The majority of patients in our study had a confirmed diagnosis of AML and received treatment with cytarabine-based chemotherapy. Based on our findings, any chemotherapy, and cytarabine-based therapy in particular, was associated with development of CDI. This may be related to neutropenia, as total days of neutropenia was also significantly increased in patients that developed CDI. Chemotherapeutics are also known to disrupt enteric bacterial populations and the resulting dysbiosis may predispose to CDI[8]. While there is a paucity of data on the effect of different chemotherapeutic regimens on the gastrointestinal microbiome, cytotoxic changes may create a favorable environment for the proliferation of C. difficile. Microbial data suggests that chemotherapeutics may select for colonization of C. difficile and Enterococcus faecium[22].

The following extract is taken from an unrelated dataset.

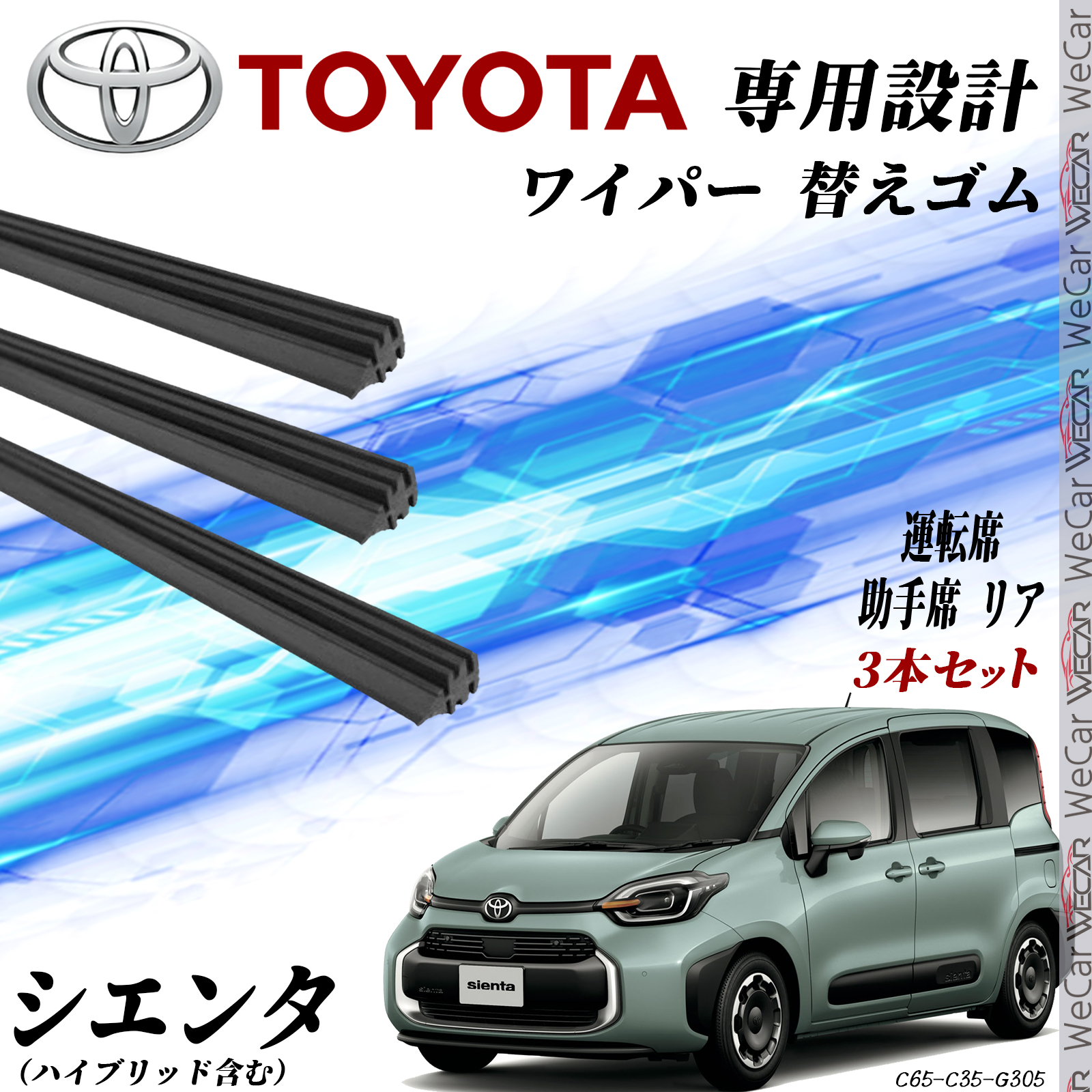 シエンタ NCP175G NHP170G NSP170G NSP172G ワイパー 替えゴム 適合サイズ 互換品 運転席 助手席 リア H30.9- 交換セット 3本セット WeCar

We evaluated several factors that did not prove to be significantly associated with CDI in our MDS and AML population, including age, gender, PPI use, use of DNA hypomethylating agent-based chemotherapy, and antibiotic use. In theory, PPI therapy may increase the risk of CDI by increasing the ability of C. difficile spores to survive in the lumen of the gastrointestinal tract. While there has been controversy regarding their significance, a meta-analysis demonstrated a significant association between PPI use and risk of developing CDI (OR = 1.74, 95%CI: 1.47-2.85)[23]. Within the same study there appears to be increased risk with concomitant use of antibiotics and PPIs, and increased risk of recurrence with PPI use[23]. Non-cytarabine based chemotherapy, which in the case of our study was primarily DNA-hypomethylating agents, was not associated with CDI. We hypothesize that cytarabine-based agents are generally more caustic and induce a greater period of neutropenia, thus providing a more favorable environment for CDI in comparison to less cytotoxic agents.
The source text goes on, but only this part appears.